*Provided data*:

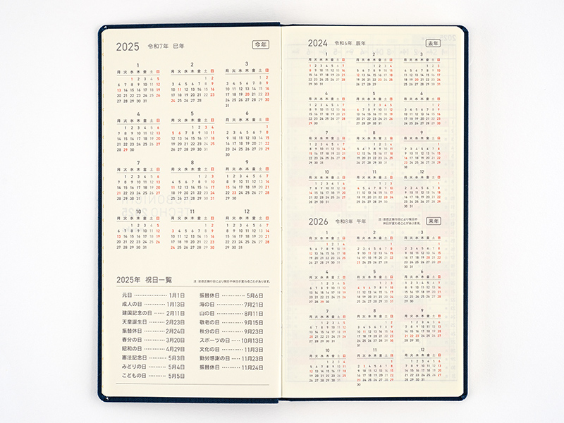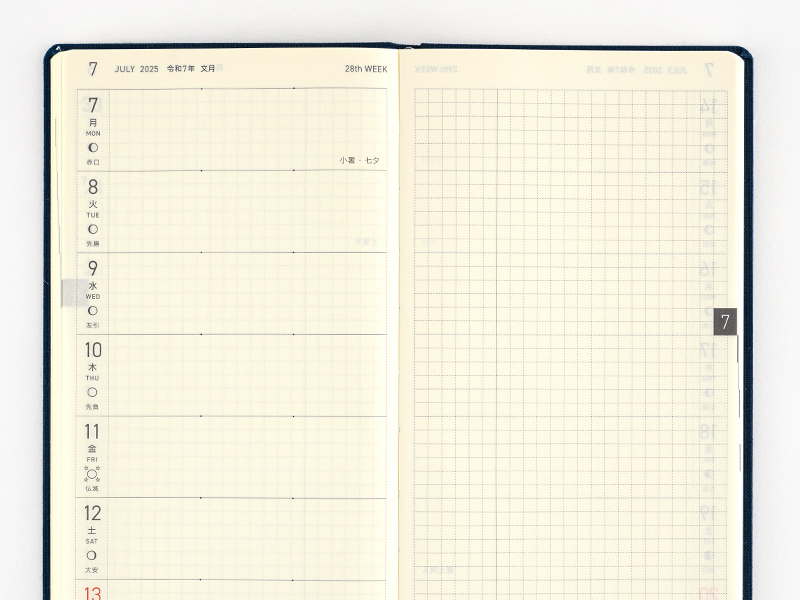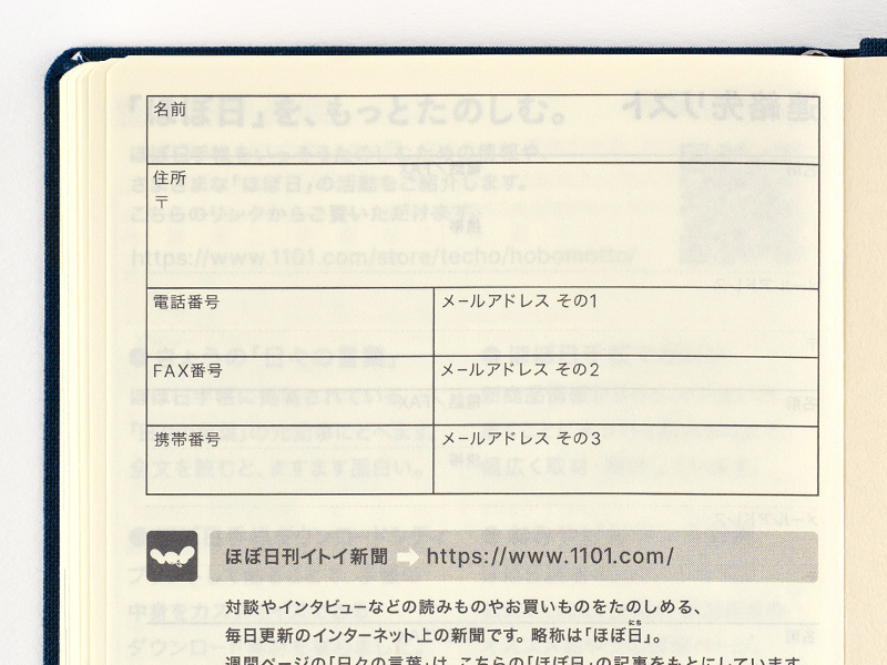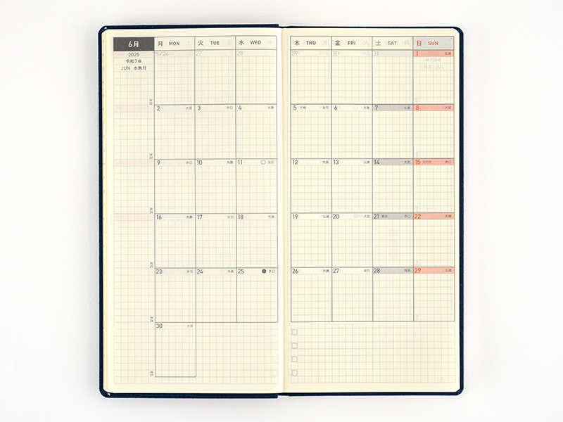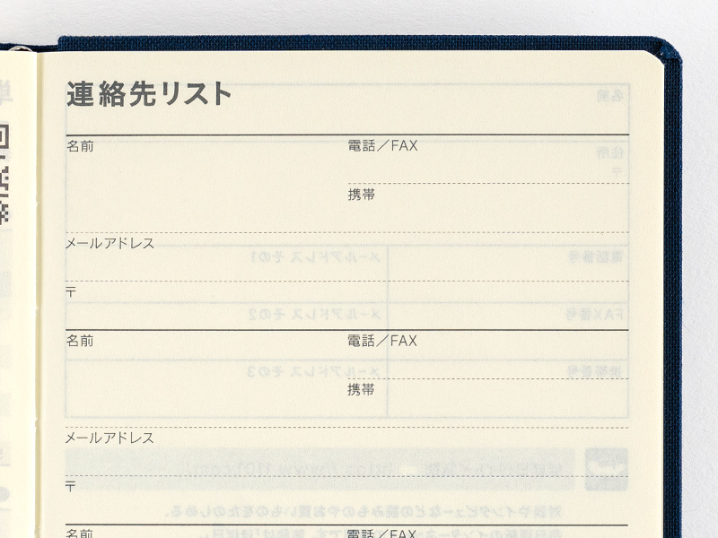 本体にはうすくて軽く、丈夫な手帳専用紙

...

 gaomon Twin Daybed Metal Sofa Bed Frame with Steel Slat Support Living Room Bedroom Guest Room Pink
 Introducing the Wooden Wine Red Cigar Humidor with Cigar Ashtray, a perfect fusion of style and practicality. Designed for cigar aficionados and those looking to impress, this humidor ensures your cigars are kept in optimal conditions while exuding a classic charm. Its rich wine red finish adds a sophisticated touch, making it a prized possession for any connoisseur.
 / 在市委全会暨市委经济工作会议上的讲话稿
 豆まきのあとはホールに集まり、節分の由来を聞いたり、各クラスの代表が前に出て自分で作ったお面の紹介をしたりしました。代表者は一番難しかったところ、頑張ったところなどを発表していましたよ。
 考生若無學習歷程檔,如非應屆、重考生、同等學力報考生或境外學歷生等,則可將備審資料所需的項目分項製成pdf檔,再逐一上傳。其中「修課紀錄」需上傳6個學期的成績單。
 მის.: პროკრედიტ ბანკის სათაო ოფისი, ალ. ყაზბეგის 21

*Your objective*: What is needed is each line of the entries that contains the word "with".

*Solved problem*:
 gaomon Twin Daybed Metal Sofa Bed Frame with Steel Slat Support Living Room Bedroom Guest Room Pink
 Introducing the Wooden Wine Red Cigar Humidor with Cigar Ashtray, a perfect fusion of style and practicality. Designed for cigar aficionados and those looking to impress, this humidor ensures your cigars are kept in optimal conditions while exuding a classic charm. Its rich wine red finish adds a sophisticated touch, making it a prized possession for any connoisseur.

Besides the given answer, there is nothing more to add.